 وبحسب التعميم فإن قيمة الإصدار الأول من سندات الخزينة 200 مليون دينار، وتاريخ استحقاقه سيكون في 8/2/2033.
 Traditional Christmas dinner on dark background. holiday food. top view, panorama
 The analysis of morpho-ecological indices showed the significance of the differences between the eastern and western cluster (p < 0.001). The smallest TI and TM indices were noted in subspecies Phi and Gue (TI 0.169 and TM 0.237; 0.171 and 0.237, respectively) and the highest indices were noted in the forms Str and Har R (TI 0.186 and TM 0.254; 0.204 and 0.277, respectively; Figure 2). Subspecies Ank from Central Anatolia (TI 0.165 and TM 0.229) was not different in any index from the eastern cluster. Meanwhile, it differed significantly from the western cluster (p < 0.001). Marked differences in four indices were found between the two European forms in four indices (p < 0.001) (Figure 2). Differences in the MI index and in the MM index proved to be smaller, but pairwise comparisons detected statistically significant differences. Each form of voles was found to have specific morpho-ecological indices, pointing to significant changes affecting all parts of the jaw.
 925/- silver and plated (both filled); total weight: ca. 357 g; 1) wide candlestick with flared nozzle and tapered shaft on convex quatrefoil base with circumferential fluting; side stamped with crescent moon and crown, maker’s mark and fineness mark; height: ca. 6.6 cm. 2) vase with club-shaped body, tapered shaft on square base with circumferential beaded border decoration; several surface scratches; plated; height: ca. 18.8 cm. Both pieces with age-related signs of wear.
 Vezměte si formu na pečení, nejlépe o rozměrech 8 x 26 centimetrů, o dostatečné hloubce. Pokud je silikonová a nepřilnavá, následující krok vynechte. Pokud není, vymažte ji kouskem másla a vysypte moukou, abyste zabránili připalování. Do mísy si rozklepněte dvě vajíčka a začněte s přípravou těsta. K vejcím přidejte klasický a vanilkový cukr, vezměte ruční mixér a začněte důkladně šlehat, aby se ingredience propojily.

==

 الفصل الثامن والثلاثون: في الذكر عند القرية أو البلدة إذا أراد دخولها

EXERCISE DIRECTIONS: Set down precisely the lines above between the line holding "وبحسب التعميم فإن" and the line holding "Traditional Christmas dinner", inclusive, and nothing beyond them.

TASK RESPONSE:
 وبحسب التعميم فإن قيمة الإصدار الأول من سندات الخزينة 200 مليون دينار، وتاريخ استحقاقه سيكون في 8/2/2033.
 Traditional Christmas dinner on dark background. holiday food. top view, panorama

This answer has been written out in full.